## ABOUT THIS TASK
All records, exactly as written, minus the pictures: copy them out.

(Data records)
Segment Open
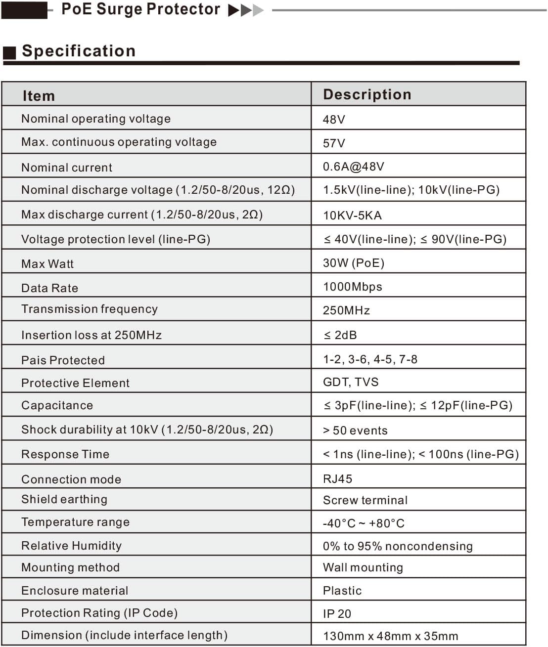 - Compatible with 802.3af/at ,support PoE+ 30w (0.6A/48V) and 10/100/1000 Base-T networks.
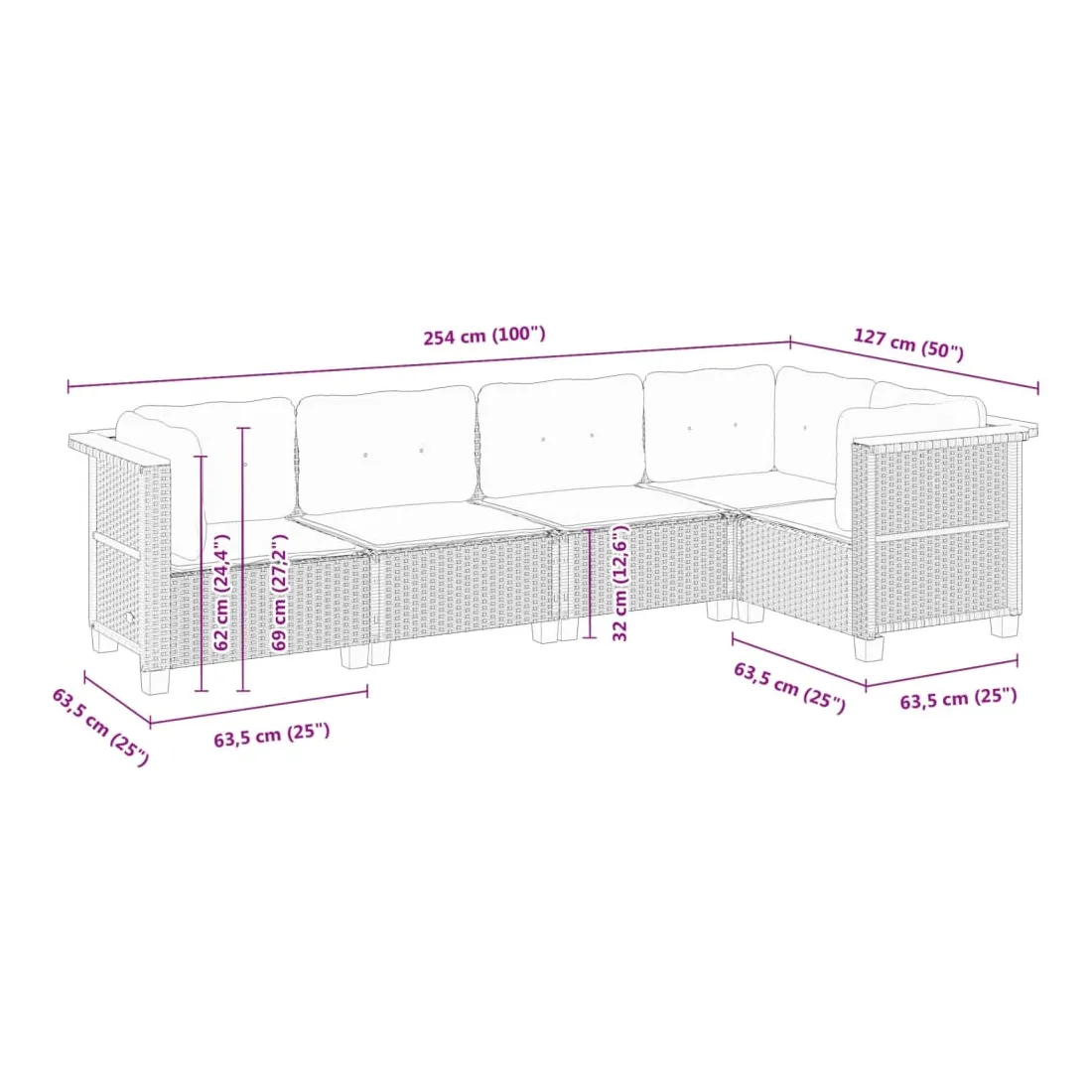 • Dimensions du coussin de dossier (angle) : 63,5 x 35 x 10 cm (L x l x é)
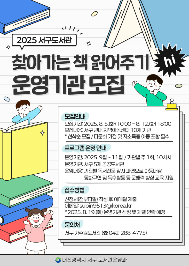 참여를 희망하는 지역아동센터는 8월 5일 오전 10시부터 12일 오후 6시까지 서구도서관 홈페이지에서 신청서를 내려받아 작성한 뒤, 담당자 이메일로 제출하면 된다. 신청 기관은 다문화 또는 저소득층 가정 아동을 포함해야 하며, 다문화가정 아동이 있는 기관에 우선 참여 기회를 부여한다.
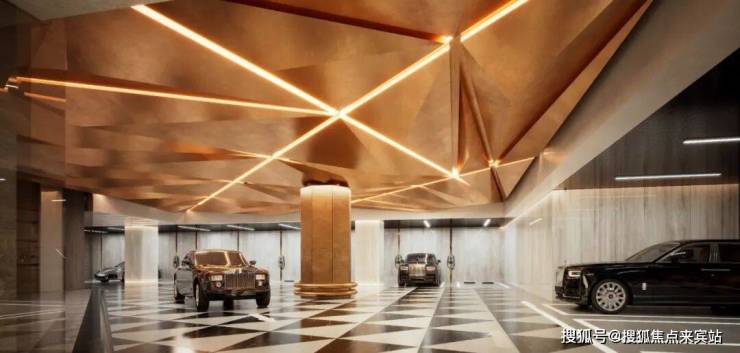 项目设计了地库“中央车站”落客区,区内的星钻穹顶以“日落之钻”为原型设计,材质选用高品质铜材,由资深手工匠人进行纯手工敲击打造,需历经上万次精准敲击与角度调整,单平方米耗材成本超8000元。这里既是停车动线的核心中枢,呈现独一无二的钻石级艺术,同时中央车站也是“生活服务枢纽”。
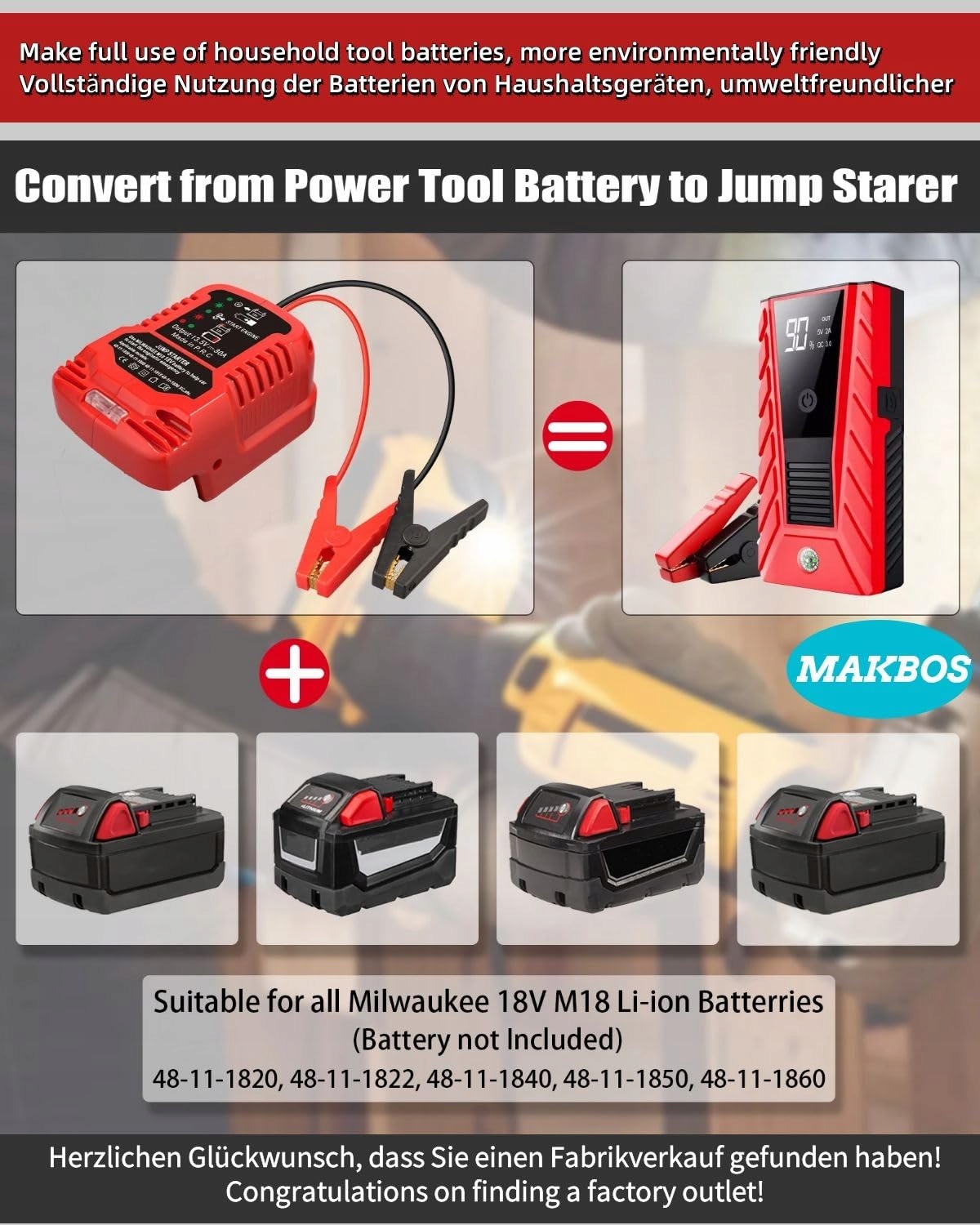Адаптер Power Bank для автомобільного пускового пристрою для батареї Milwaukee 18V M18, пускові пристрої для автомобільного акумулятора, стрибковий стартер, портативний акумуляторний підсилювач 12 В, безпечний акумуляторний стартер (батарея не входить до комплекту)
Segment Closed
## RESPONSE AREA
 - Compatible with 802.3af/at ,support PoE+ 30w (0.6A/48V) and 10/100/1000 Base-T networks.
 • Dimensions du coussin de dossier (angle) : 63,5 x 35 x 10 cm (L x l x é)
 참여를 희망하는 지역아동센터는 8월 5일 오전 10시부터 12일 오후 6시까지 서구도서관 홈페이지에서 신청서를 내려받아 작성한 뒤, 담당자 이메일로 제출하면 된다. 신청 기관은 다문화 또는 저소득층 가정 아동을 포함해야 하며, 다문화가정 아동이 있는 기관에 우선 참여 기회를 부여한다.
 项目设计了地库“中央车站”落客区,区内的星钻穹顶以“日落之钻”为原型设计,材质选用高品质铜材,由资深手工匠人进行纯手工敲击打造,需历经上万次精准敲击与角度调整,单平方米耗材成本超8000元。这里既是停车动线的核心中枢,呈现独一无二的钻石级艺术,同时中央车站也是“生活服务枢纽”。
Адаптер Power Bank для автомобільного пускового пристрою для батареї Milwaukee 18V M18, пускові пристрої для автомобільного акумулятора, стрибковий стартер, портативний акумуляторний підсилювач 12 В, безпечний акумуляторний стартер (батарея не входить до комплекту)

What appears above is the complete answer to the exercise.